Wcześniej w stosunkach zarząd- pracownicy dochodziło do nieprawidłowości. Był to jeden z powodów, dla których doszło do wielkich problemów w procesie produkcji samolotu B737 MAX.
Teraz audytorzy z FAA powiedzieli, że krótszy okres pozwoli dokładnie sprawdzić, czy Boeing rzeczywiście zastosował się do zaleceń wprowadzenia zmian w zarządzaniu.
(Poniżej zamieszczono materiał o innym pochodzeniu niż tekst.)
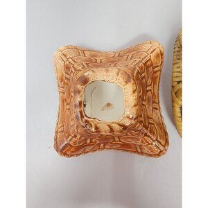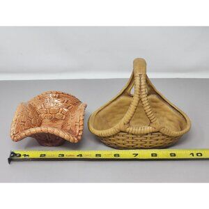 Vintage Ceramic Basket Set With Handle & Woven Design One Is Signed

Jednocześnie pracownicy otrzymali od FAA dodatkowe uprawnienia pozwalające im ocenić w imieniu agencji, czy pracodawca wprowadza wszystkie uzgodnione w programie zmiany.
Program, który nazywa się Organization Designation Authorization został wprowadzony po dwóch katastrofach B737 MAX należących do indonezyjskich linii Lion Air (30 października 2018) i etiopskiego przewoźnika Ethiopian Airlines (10 marca 2019). Łącznie zginęło w nich 346 pasażerów i członków załogi, a od 12 marca 2019 maszyna została uziemiona na prawie dwa lata.
FAA wszczęła wówczas śledztwo i okazało się, że w procesie produkcyjnym pracownicy raportowali o nieprawidłowościach dotyczących B737 MAX i mieli wiele wątpliwości, ale ich uwagi chowane były do szuflady. W 2020 po globalnej krytyce praktyk stosowanych w Boeingu (pracę stracił prezes koncernu) na mocy prawa wprowadzono w Boeingu zmiany, między innymi dotyczące zmian w systemie bezpieczeństwa produkcji oraz w przepływie informacji właśnie w ramach programu Organization Designation Authorization.